Jeffrey Dayno (President and CEO)

Okay.

Adam Zaeske (Chief Commercial Officer)

Yeah. And then, thanks, Ash, for the question around achieving $1 billion in revenue. Obviously, it's a little bit premature to provide guidance for 2026 specifically, but we're seeing very strong momentum, as you saw in Q3 and in Q2. We'd expect that momentum to continue in Q4 and well into 2026. And we're confident we will achieve $1 billion in revenue well before LOE. So, confidence remains high.

Jeffrey Dayno (President and CEO)

Thanks, Adam. Thanks, Ash.

Operator (participant)

Thank you. And we will take our next question from David Hoang with Deutsche Bank. Please go ahead.

David Hoang (Director and Senior Biotechnology Analyst)

Hi there. Thanks for taking the question. So I want to ask on eligible patients for WAKIX or sorry, pitolisant HD and GR. I think for HD, you mentioned new, previous, and switch patients, I think, are all on the table. Just wondering what, in your mind, defines a good switch patient for going from WAKIX to HD, and then would switching be an option for GR patients?
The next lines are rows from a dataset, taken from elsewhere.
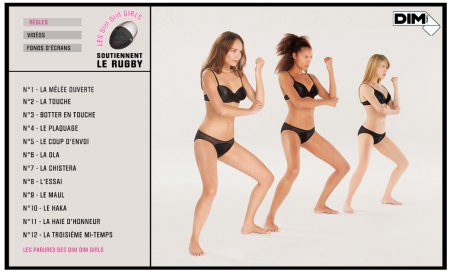 1. Take an international sport event that will get men's attention for over a month (the Rugby World Cup); 2. Realize that women will go crazy during the event because (in most of the cases) they don't understand the game and, most of all, they don't understand why men should prefer rugby to them; 3. Consider the product you sell (lingerie); 4. Agree with me that Dim Dim Girls it's a great idea because: A) It explains the key rugby rules to women, using their own language with explanatory examples that put the sport in context with real daily life situations B) It shows several nice girls in lingerie to men, who next time that will have to buy something for the wives/lovers/friends would probably remember the easy DIM brand name.
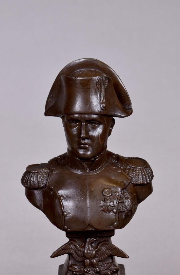 Encrier en régule patiné brun à décor d’un buste de Napoléon, acanthes et rocailles. Haut. : 23,5 cm.
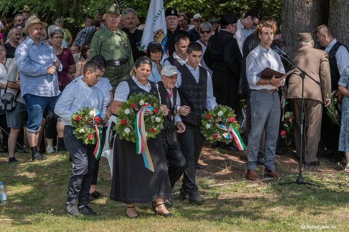 A pontban délben elkezdődött megemlékezést egy honvédkereszt megáldása előzte meg az Aklosban, a katonatemetőben zajló esemény pedig Vitéz Bartha Mihály úzvölgyi veterán köszöntésével és zászlófelvonással kezdődött, majd Csíkszentmárton polgármestere köszöntötte az egybegyűlteket, akiknek többsége a rekkenő hőség miatt a fák árnyékába húzódott az esemény ideje alatt.
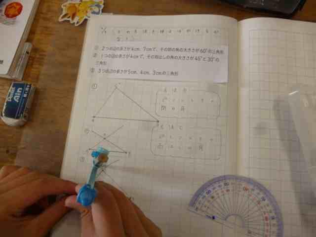 5年生の算数の授業では、子どもたちが「合同な三角形の作図方法」について熱心に取り組んでいました。

Thanks.

Adam Zaeske (Chief Commercial Officer)

Thanks for the question. So I guess the switch patients, obviously, that's going to be determined by the healthcare provider, but we know that 75% of patients with narcolepsy continue to struggle with residual symptoms. And so if we're able to offer the HD product with an improved efficacy profile, but the same safety and tolerability profile that they're very familiar with on WAKIX, we would expect HCPs to consider their patients that potentially could benefit from a boost in efficacy and feel confident that they won't be introducing any new safety or tolerability issues. And also, any patients that present with fatigue, and as I mentioned before, we know that 60% of patients with narcolepsy do present with fatigue. Those would be prime candidates for the HD as well. And then for the GR, yes, I mean, a switch would be an option, certainly, for the healthcare provider.

In terms of our strategy, we'll be focused on new patients and previous patients, as I mentioned before.

Operator (participant)

Thank you.

David Hoang (Director and Senior Biotechnology Analyst)

Thank you.

Operator (participant)

I'm showing no further questions. I would now like to turn the call back for any closing remarks.

Jeffrey Dayno (President and CEO)

Thanks, operator. On behalf of the Harmony team, I want to thank everyone for joining our call today and for your interest in Harmony Biosciences. Have a great rest of your day. Thank you.

Operator (participant)

This does conclude today's Harmony Biosciences Third Quarter 2025 Financial Results Conference call. You may now disconnect your line and have a wonderful day.